Balance-sheet flags: capex ($864M) ran below operating cash flow ($962M) at the sustaining level, but the growth was debt+equity-funded — the US$2.2B acquisition was financed with ~$667M equity (incl. $150M AIMCo private placement) + ~US$1.2B senior notes + additional notes (total ~$2.3B notes issued in 2025). Liquidity of $1.8B available at year-end. Net debt / net-debt-to-EBITDA: n/a (not disclosed in the press releases; would require the audited financials / MD&A). The BBB- rating and "well within financial guardrails" language is the only leverage read available.
Market reaction: the stock is up ~30% over the trailing year to ~$72–75, near a 52-week high of $73.80 (range $54.03–$73.80).
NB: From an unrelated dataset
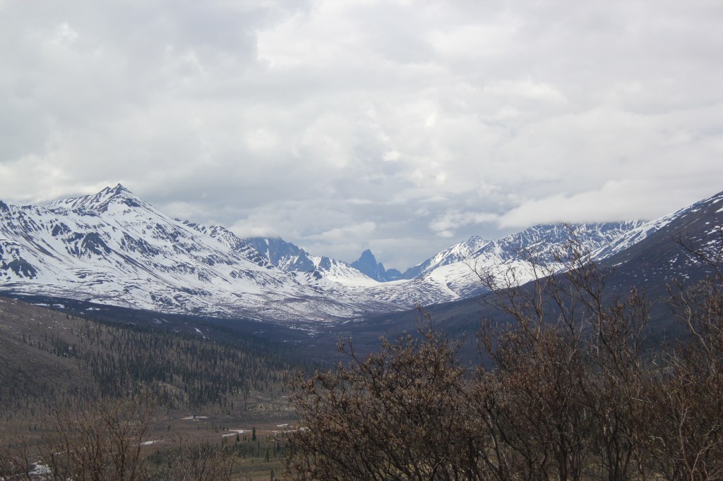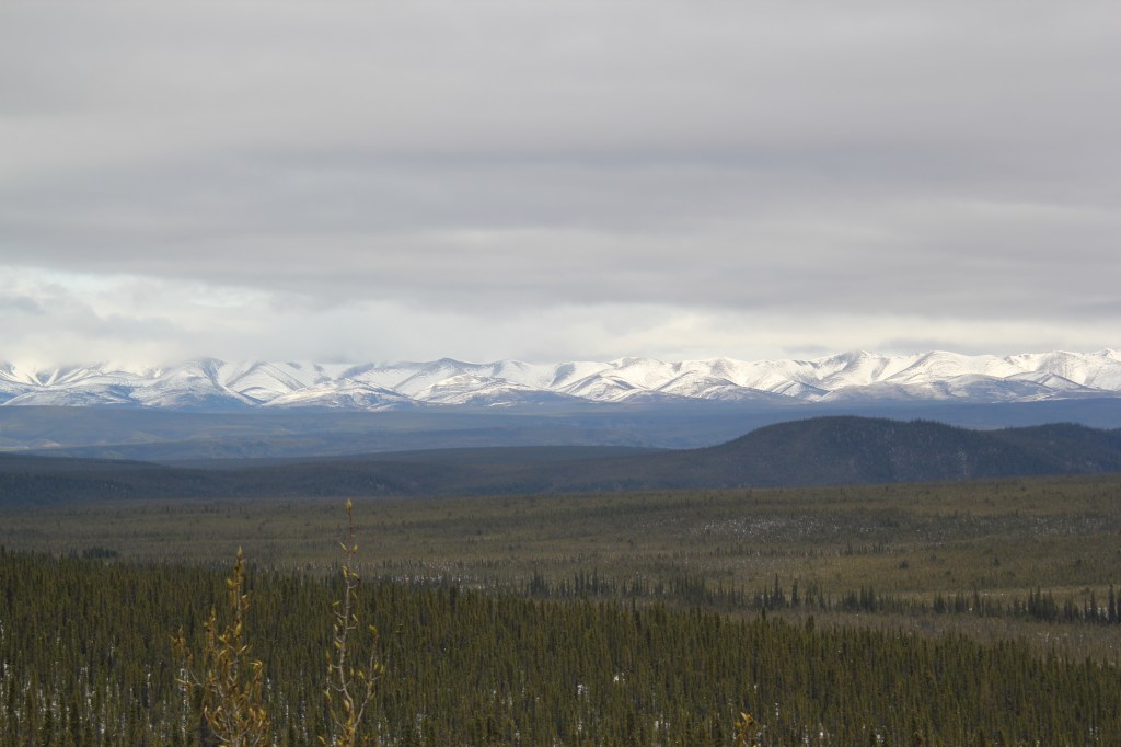 1523 milles (2 400 Km). Construite en 1942, en neuf mois, par 11 000 membres des Forces armées et 16 000 civils du Canada et des États-Unis. 133 ponts et 8 000 ponceaux. Elle relie Dawson Creek de la Colombie-Britannique à Fairbanks en Alaska en passant par Whitehorse au Yukon. Nous avons débuté la route mardi (31 mai) après le dîner et 200 km plus loin nous avons vu apparaître les premières montagnes enneigées des Rocheuses du Nord. Camping au parc provincial de Buckinghorse Wayside. Tous les terrains sont sur la rivière. Les répulsifs à ours en aérosol et sonore (bruit d’un coup de fusil), achetés à Dawson Creek, sont maintenant à portée de main.

The tape has already rewarded the pivot.
Lens 6 · Earnings Calls (sentiment trend)
No transcripts on the shelf (transcripts=0); sentiment is reconstructed from the sourced release language and Investor Day framing across 2025 — labeled ``.
- Recurring, escalating phrases: "flexible generation," "natural gas backbone," "surging demand for reliable power," "data centres," "scale and diversification." The rhetorical center of gravity moved decisively from decarbonization to gas-fired reliability + AI load over 2024→2025.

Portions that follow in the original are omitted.